We exponentiate the ```score_samples``` function because it returns the log probability, as opposed to just the probability.

Next you will construct the classifier using a kernel density estimator for the whole data set (as constructed above), one just for class 0 samples, and another just for class 1 samples. 



In [7]:
def classification_error(y_true, y_pred):
    return np.mean(y_true != y_pred)

# Using a trained classifier to predict the class of the test samples
def classifier(x_test, kde_0, kde_1, kde_marginal, prior):
    likelihood_0 = np.exp(kde_0.score_samples(x_test))          # ✍ p(x | D_0) --> Use the KDE for class 0
    likelihood_1 = np.exp(kde_1.score_samples(x_test))          # ✍ p(x | D_1) --> Use the KDE for class 1
    marginal_prob = np.exp(kde_marginal.score_samples(x_test))  # ✍ p(x | D) --> Get the marginal probability
    posterior_0 = likelihood_0 * prior / marginal_prob          # ✍ p(C=0|x) = p(x|C=0)p(C=0)/p(x) --> Assume prior is for class 0
    posterior_1 = likelihood_1 * (1 - prior) / marginal_prob    # ✍ p(C=1|x) = p(x|C=1)p(C=1)/p(x)
    
    return np.argmax([posterior_0, posterior_1], axis=0)

You will compute the testing and training classification error, which is the classification performance on the testing and training sets using KDEs that are fit using only the training data set.
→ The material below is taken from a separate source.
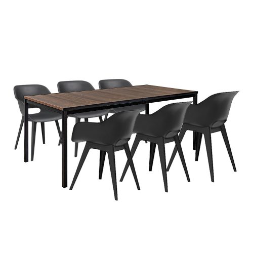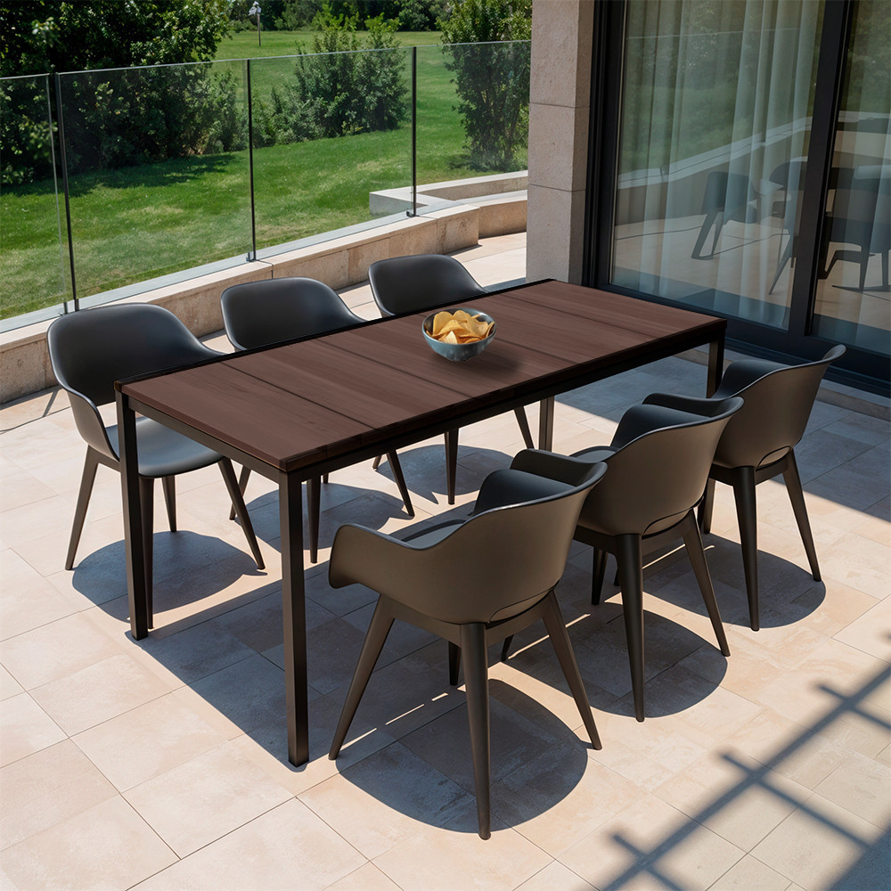 A meleg, természetes dió tónusú asztallap és a hűvös grafit székek kontrasztja minden stílusú kültéri térben magára vonzza a tekintetet: skandináv, mediterrán vagy ipari környezetben is kifinomult megjelenést ad.
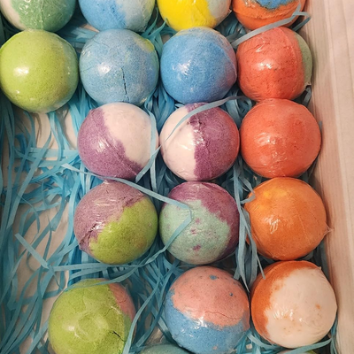 I appreciate that these are made with natural ingredients — shea butter, coconut oil, essential oils. My sensitive skin handled them perfectly. The only downside is the outer box got a little dented during shipping. The bath bombs themselves were fine though. Would be nice if the packaging was a bit more rigid for gift-giving.

Below you will plot the classification error, which you can compute using the ```sklearn.metrics.zero_one_loss``` function.  Plot the classification errors as a function of the kernel bandwidth, testing values of $h \in \{0.01,0.1,1,10,100\}$.  Use the same kernel bandwidth for all three estimators.

In [None]:
# ✍ \<YOUR SOLUTION HERE\>
from sklearn.metrics import zero_one_loss

def plot_classification_error(kernel='gaussian', num_training_samples=100, num_testing_samples=100, seed=0):
    np.random.seed(seed)
    X_train, y_train = make_moons(n_samples=num_training_samples, noise=0.1)
    X_test, y_test = make_moons(n_samples=num_testing_samples, noise=0.1)
    
    bandwidths = [0.01, 0.1, 1, 10, 100]
    train_errors = []
    test_errors = []
    for bandwidth in bandwidths:
        kde_0 = KernelDensity(kernel=kernel, bandwidth=bandwidth).fit(X_train[y_train == 0])    # Fit using only the training set
        kde_1 = KernelDensity(kernel=kernel, bandwidth=bandwidth).fit(X_train[y_train == 1])
        kde_marginal = KernelDensity(kernel=kernel, bandwidth=1).fit(X_train)
        prior = np.mean(y_train == 0)   # Assume prior is for class 0
        
        y_train_pred = classifier(X_train, kde_0, kde_1, kde_marginal, prior)
        train_errors.append(zero_one_loss(y_train, y_train_pred))   # Use zero-one loss which is the same as classification_error()
        
        y_test_pred = classifier(X_test, kde_0, kde_1, kde_marginal, prior)
        test_errors.append(zero_one_loss(y_test, y_test_pred))
        
    plt.plot(bandwidths, train_errors, 'o-', label='Train')
    plt.plot(bandwidths, test_errors, 'o-', label='Test')
    plt.xscale('log')
    plt.title(f'Kernel: {kernel}, Train samples: {num_training_samples}, Test samples: {num_testing_samples}')
    plt.xlabel('Bandwidth')
    plt.ylabel('Classification Error')
    plt.legend()
    plt.show()
    
plot_classification_error(kernel='gaussian', num_training_samples=100)

Repeat the above process for a Top Hat kernel with $n=100$ training sample points.

In [None]:
# ✍ \<YOUR SOLUTION HERE\>
plot_classification_error(kernel='tophat', num_training_samples=100)

Repeat the process for a Gaussian kernel with $n=400$ training sample points.

In [None]:
# ✍ \<YOUR SOLUTION HERE\>
plot_classification_error(kernel='gaussian', num_training_samples=400)

**Observations**

All three setups exhibit signs of overfitting, where the training loss is lower than the test loss. This is especially evident with the Top Hat kernel, which has 0 train error when `h = 0.01` but 0.5 test error. In all three setups, the error increases with bandwidth, which makes sense because generalization leads to loss of precision. Both Gaussian kernels were able to achieve 0 train and test loss with `h = 0.01` and `h = 0.1`, and there's not much difference in error at the larger bandwidths. However, `train samples = 400` had slightly higher test error, which could indicate increased overfitting.